BridgeVLA: Input-Output Alignment for Efficient 3D Manipulation Learning with Vision-Language Models
作者: Peiyan Li, Yixiang Chen, Hongtao Wu, Xiao Ma, Xiangnan Wu, Yan Huang, Liang Wang, Tao Kong, Tieniu Tan
分类: cs.RO, cs.AI
发布日期: 2025-06-09 (更新: 2025-10-14)
备注: NeurIPS 2025
💡 一句话要点
提出BridgeVLA以解决3D操控学习中的低样本效率问题
🎯 匹配领域: 支柱一:机器人控制 (Robot Control) 支柱二:RL算法与架构 (RL & Architecture) 支柱九:具身大模型 (Embodied Foundation Models)

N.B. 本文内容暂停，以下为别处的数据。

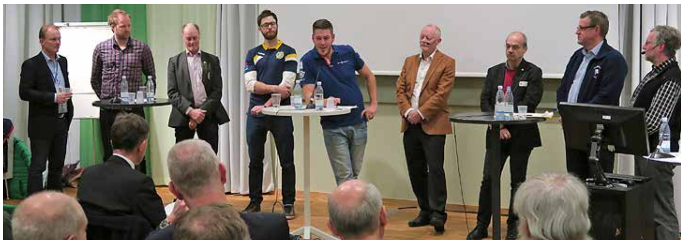
Paneldebatt på Båttinget 2015.

Vid den senaste Båtriksdagen motionerades om att Båtliv ska utvecklas och i högre grad bli ett livsstilsmagasin med fler reportage kring båtlivet, utflyktsmål och upplevelser. Tidningen ska gärna växa i antal sidor medan de båtpolitiska inslagen tonas ner och förflyttas till SBU:s hemsida. Tidningen ska ges en mer offensiv touch för att säkerställa och utveckla läsvärdet, vilket kräver finansiella resurser med ökad budget och eventuella avgiftshöjningar som följd.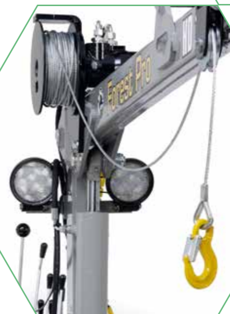
Forest Pro-hydraulvinsch och arbetsbelysning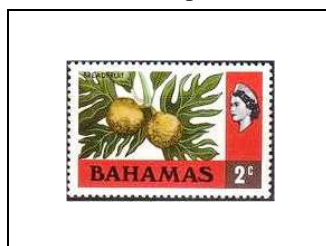
Fruit à pain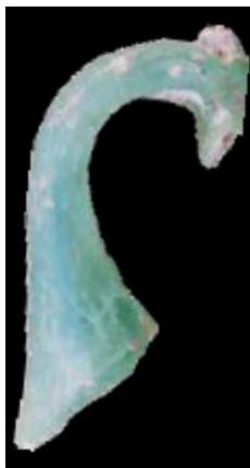
Slika 5. Ulomak ručkice ollae (L. BEKIĆ, 2018, 14.)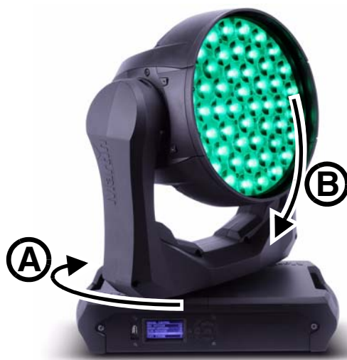
Figure 3: Etalonnage du pan et du tilt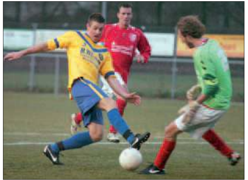
SVM heeft de wedstrijd tegen hekkensluiter Sterrenwijk met maar liefst 8-0 gewonnen.

Volgende week in Amersfoort tegen Posthoorn wordt er hopelijk een goed vervolg aan deze voortvarende doorstart gegeven. [HvdB]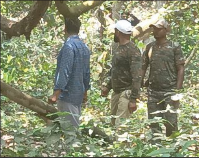
ପିଲାମାନେ ତରଳ କାନ୍ଥରେ ଘର ଚାଟି-ବାଟି ଭାଙ୍ଗି ଧାନ ବଖାରି ଓ ଚାଉଳ ଖାଇଯାଇଛି। ରାତିରେ ହାତୀ ଭୟରେ ଲୋକେ ଶୋଇପାରୁ ନାହାନ୍ତି। ଚାନ୍ଦିପୁର ବିଏ ନିକଟସ୍ଥ ବାସିନ୍ଦା କହିଛନ୍ତି, ଗତକାଳ ରାତିରେ ଆମ ଚାଟି ଭାଙ୍ଗିଯାଇଛି।

ହାତୀ ଆଗ୍ରାମ ମାର୍ଗେଣା ସୋର ହୋଇ ଏପକ୍ଷ ଅସିଛି। ଜଙ୍ଗଲ ଅତ୍ୟନ୍ତ ଘଷ ଓ ବିସ୍ତୃତ ଥିବାରୁ ହାତୀକୁ ଡାକ କରିବାରେ ସମୟ ଲାଗୁଛି। ଆମ ଚିମ୍ପି ଦିନ-ରାତି ନକର ରଖିଛନ୍ତି। ସେ ସମୟ ସମୟରେ ବାହାରକୁ ବାହାରିବ। ତାପରେ ହାତୀକୁ ସୁରକ୍ଷିତ ଭାବେ ଜଙ୍ଗଲକୁ ଫେରାଇବା ପାଇଁ ଆମେ ଚେଷ୍ଟା କରୁଛୁ। ବନ ବିଭାଗ ପକ୍ଷରୁ ସ୍ଥାନୀୟ ଲୋକଙ୍କୁ ସହାୟା ଯୋଗ୍ୟ ପରେ ଜଙ୍ଗଲ ଓ ବିଏ ଅଞ୍ଚଳକୁ ନ ଯିବାକୁ ପରାମର୍ଶ ଦିଆଯାଇଛି। ପ୍ରାଣ ବିଶେଷତ୍ୱ ମତରେ ଦନ୍ତା ହାତୀମାନେ ସାଧାରଣତଃ ଦଳରୁ ଅଲଗା ହୋଇ ଖାଦ୍ୟ ସମ୍ପାଦନେ ଜନସମୂହ ମୁହାଁ ହୋଇଥାନ୍ତି। ଚାନ୍ଦିପୁର ଅଞ୍ଚଳରେ କାଳୁ, ଧାନ ଓ ଚାଉଳ ସହଜରେ ମିଳୁଥିବାରୁ ହାତୀଟି ଏଠାରେ ରହିଯାଇଛି। ଉଦ୍ଘୋଷିତ କଲେ ହାତୀ ଝିମ୍ସ ହୋଇପାରେ। ତେଣୁ ଲୋକେ ସତରତ ରହିବା ଉଚିତ।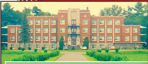
Résidence Cénacle St-Pierre 12 270, rue Notre-Dame-Ouest (Pointe-du-Lac) Trois-Rivières

关键词: 视觉-语言模型 3D操控学习 动作预测 样本效率 机器人技术
📋 核心要点
- 现有方法在3D信号的利用上存在不足,导致动作预测的样本效率低下。
- BridgeVLA通过将3D输入投影到2D图像并使用2D热图进行动作预测,解决了输入输出对齐的问题。
- 实验结果显示,BridgeVLA在多个基准测试中表现优异,成功率显著提高,展示了其卓越的样本效率。
📝 摘要(中文)
近年来,利用预训练的视觉-语言模型(VLMs)构建视觉-语言-动作(VLA)模型成为有效机器人操控学习的一种有前景的方法。然而,现有方法在动作预测中很少将3D信号纳入VLMs,并未充分利用3D数据固有的空间结构,导致样本效率低下。本文提出了BridgeVLA,一个新颖的3D VLA模型,通过将3D输入投影到多个2D图像,确保与VLM主干的输入对齐,并利用2D热图进行动作预测,从而在一致的2D图像空间内统一输入和输出。大量实验表明,该方法能够高效有效地学习3D操控,并在三个模拟基准上超越了最先进的基线方法。
🔬 方法详解
问题定义:本文旨在解决现有视觉-语言-动作模型在3D操控学习中低样本效率的问题。现有方法未能充分利用3D数据的空间结构,导致动作预测效果不佳。

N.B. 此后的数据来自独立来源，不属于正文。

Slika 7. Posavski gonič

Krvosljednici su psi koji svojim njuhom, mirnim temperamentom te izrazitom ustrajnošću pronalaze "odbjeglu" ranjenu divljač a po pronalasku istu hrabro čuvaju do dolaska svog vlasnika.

核心思路:BridgeVLA的核心思路是将3D输入投影到多个2D图像中,以确保与VLM主干的输入对齐,并通过2D热图进行动作预测,从而统一输入和输出空间。
技术框架:BridgeVLA的整体架构包括三个主要模块:3D输入投影模块、2D热图生成模块和下游策略学习模块。首先,3D输入被转换为多个2D图像,然后生成相应的2D热图,最后进行策略学习以实现动作预测。
关键创新:BridgeVLA的主要创新在于其输入输出的对齐机制,通过将3D数据有效地映射到2D空间,显著提高了样本效率和学习效果。这一设计与现有方法的本质区别在于更好地利用了2D图像的特征。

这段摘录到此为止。